Menabur untuk Menuai

K. Tatik Wardayati

Editor

Menabur untuk Menuai
Menabur untuk Menuai

Intisari-Online.com – Alkisah, ada sebuah rumah yang paling indah di kota, dan orang sangat menyukai rumah itu. Banyak orang bersiap untuk membeli dengan harga berlipat untuk rumah itu, tapi pemiliknya selalu tidak pernah setuju untuk harga yang ditawarkan dan sekarang, rumah itu terbakar di depan matanya!

Ribuan orang telah berkumpul, tetapi tidak ada yang bisa dilakukan, api telah menyebar begitu jauh meski begitu banyak orang mencoba untuk memadamkannya. Alhasil rumah itu tidak terselamatkan. Pria itu menjadi sangat sedih.

Anaknya datang berjalan menghampiri pria itu dan membisikkan sesuatu di telinganya, “Jangan khawatir, saya telah menjualnya kemarin dengan harga yang sangat bagus, tiga kali lipat! Tawaran itu begitu baik sampai saya tidak bisa menunggu Bapak. Maafkan saya.”

Ayahnya berkata, “Terima kasih Tuhan, itu bukan miliki kita sekarang!” Kemudian pria itu santai dan menjadi pengamat seperti seribu orang lainnya.

Bayangkan! Ini adalah rumah yang sama, apinya, semuanya sama, tapi sekarang ia tidak peduli. Bahkan mulai menikmati sama seperti orang lain di keramaian.

Kemudian anaknya yang kedua datang berlari dan ia berkata kepada ayahnya, “Apa yang Ayah lakukan? Tersenyum saat rumah terbakar?”

Ayahnya berkata, “Apakah kamu tidak tahu, saudaramu telah menjualnya.”

Anaknya yang kedua berkata lagi, “Kami baru mengambil uang mukanya, belum terselesaikan sepenuhnya. Saya rahu sekarang apakah orang itu akan membelinya sekarang.”

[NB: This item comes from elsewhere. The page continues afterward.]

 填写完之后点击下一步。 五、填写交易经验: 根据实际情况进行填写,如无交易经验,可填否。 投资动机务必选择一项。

Sekali lagi, semuanya berubah!

Air mata yang tadi menghilang, kini kembali ke mata sang ayah. Senyumnya tidak lagi terlihat, jantungnya berdetak cepat.

Kemudian anak ketiga datang, dan katanya, “Tadi ada seorang laki-laki yang datang menyampaikan pesan. Katanya, tidak peduli apakah rumah itu terbakar atau tidak, itu milik saya. Dan saya akan membayar harga yang telah disepakai. Anda atau saya tidak akan pernah tahu bahwa rumah akan terbakar.”

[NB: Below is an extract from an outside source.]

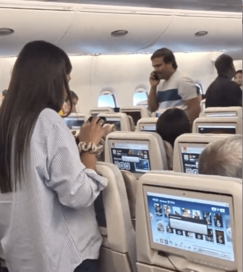 ▲舊金山國際機(jī)場一班準(zhǔn)備飛往印度的阿聯(lián)酋航空客機(jī)上,有乘客要求落機(jī)。X @URScrewed 片段截圖

Sekali lagi sukacita menghampiri keluarga itu. Dan kemudian mereka kembali memandangi rumah mereka yang telah menjadi abu.

Sebenarnya, tidak ada yang berubah. Hanya perasaan bahwa “Saya adalah pemilik! Saya bukan pemilik rumah!” yang membuat seluruh perbedaan.

Sebagian besar pengalaman bukan milik kita tapi dari orangtua, guru, teman, buku-buku, film, televisi, surat kabar. Kita hitung berapa banyak pengalaman kita sendiri, dan kita akan terkejut bahwa tidak satu pun pikiran adalah kita sendiri. Semua berasal dari sumber-sumber lain, semua dipinjam, atau dibuang oleh orang lain, tapi tidak ada yang milik kita.

Menabur pikiran, maka kita akan menuai tindakan. Menabur tindakan, maka kita akan menuai kebiasaan. Menabur kebiasaan, maka kita akan menuai karakter. Menabur karakter, maka kita akan menuai nasib.